Sam. Over and over, the way you’d call a man back from somewhere.

There was a band of tightness across my chest that put the fear of God in me, because I know exactly what a thing in the chest can do, and for one long minute on that floor I was certain the timeline had swung round early and come for me instead of her.

It hadn’t.

It was exhaustion, plain and total, a body driven into the ground and left there. The doctor at the walk-in the next morning called it, not unkindly, "the sort of collapse I mostly see in men twice your age and half as sensible."

Rest. Eat. Sleep. Stop. He wrote it on his pad like a team sheet and tore it off and gave it me, and he had no idea he was not the first person that month to hand me the very same instruction.

And here is the thing that cracked me clean open, lying on the tunnel floor with my whole club standing over me in the dark.

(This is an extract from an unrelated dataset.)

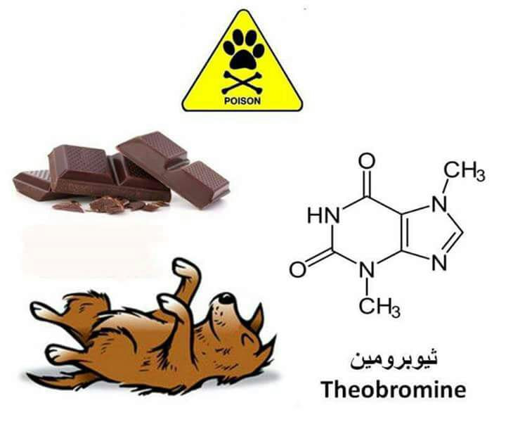 الشوكولاتة سامة للكلاب والقطط حيث ان الكميات الكبيرة منها يمكن ان تؤدي إلى موتها بسبب أحتوائها على قلويد الثيوبرومين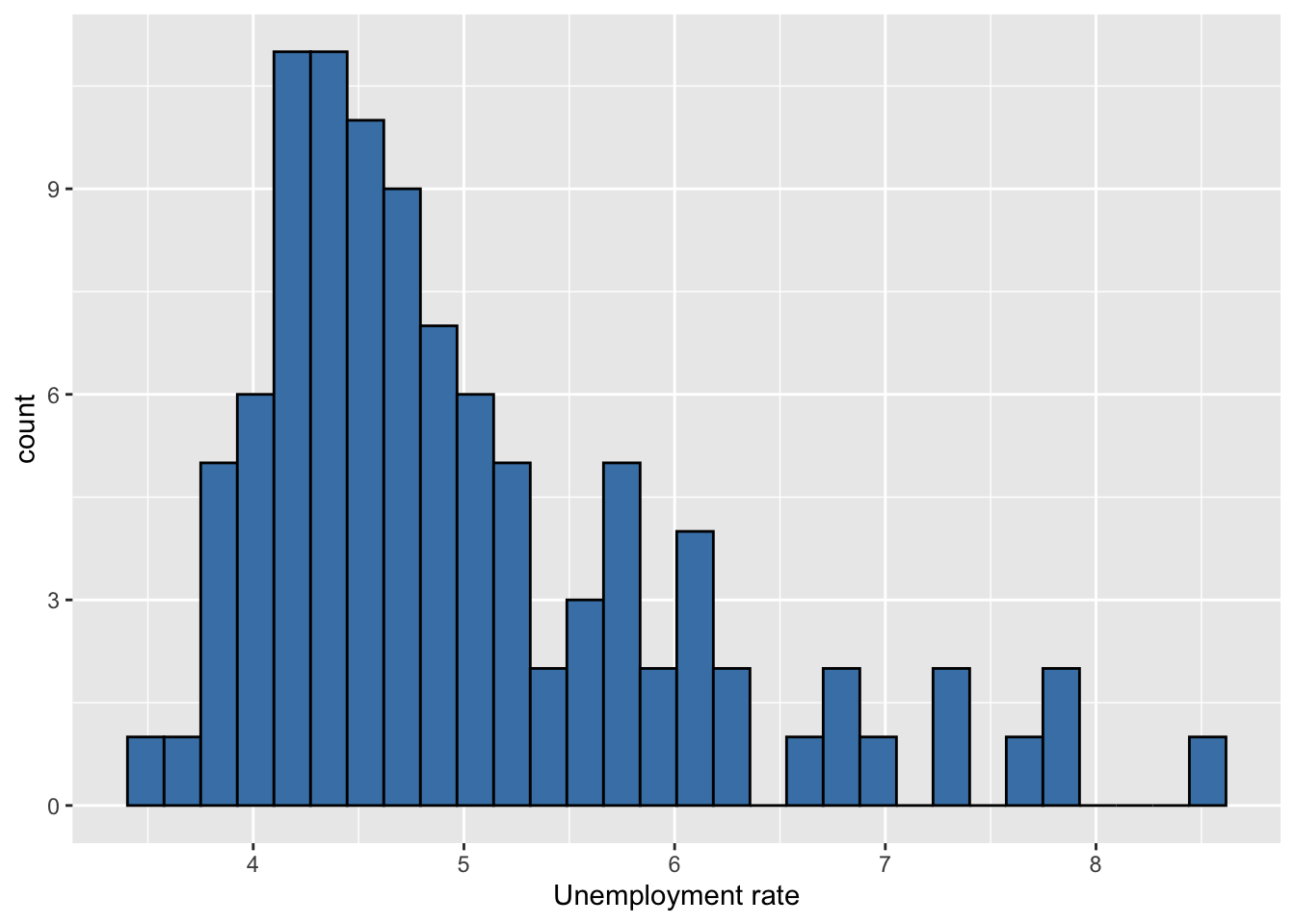 We will use data about the 100 counties in North Carolina. The data were collected from the from Census Quick Facts and is available in the usdata R package. Let’s look at the first 10 rows of data.

Somebody got to me in time.

Stan was there, on his knees on the concrete.

The caretaker was there.

Inside the hour Maureen was there with a blanket off the treatment table and her coat over her nightie, and Lenny came straight off a night shift still in his hi-vis, and Raj came down the road in his slippers and never said one word about it, and not a single one of them would leave me on my own.

I have never in all my life, either of them, been so thoroughly surrounded and so completely overruled. They put me in Raj’s car. They sat with me. They took the keys off me, actual and otherwise.

She never got that.

My mum went on her own. You know the shape of it by now, so I’ll spare you the saying of it again.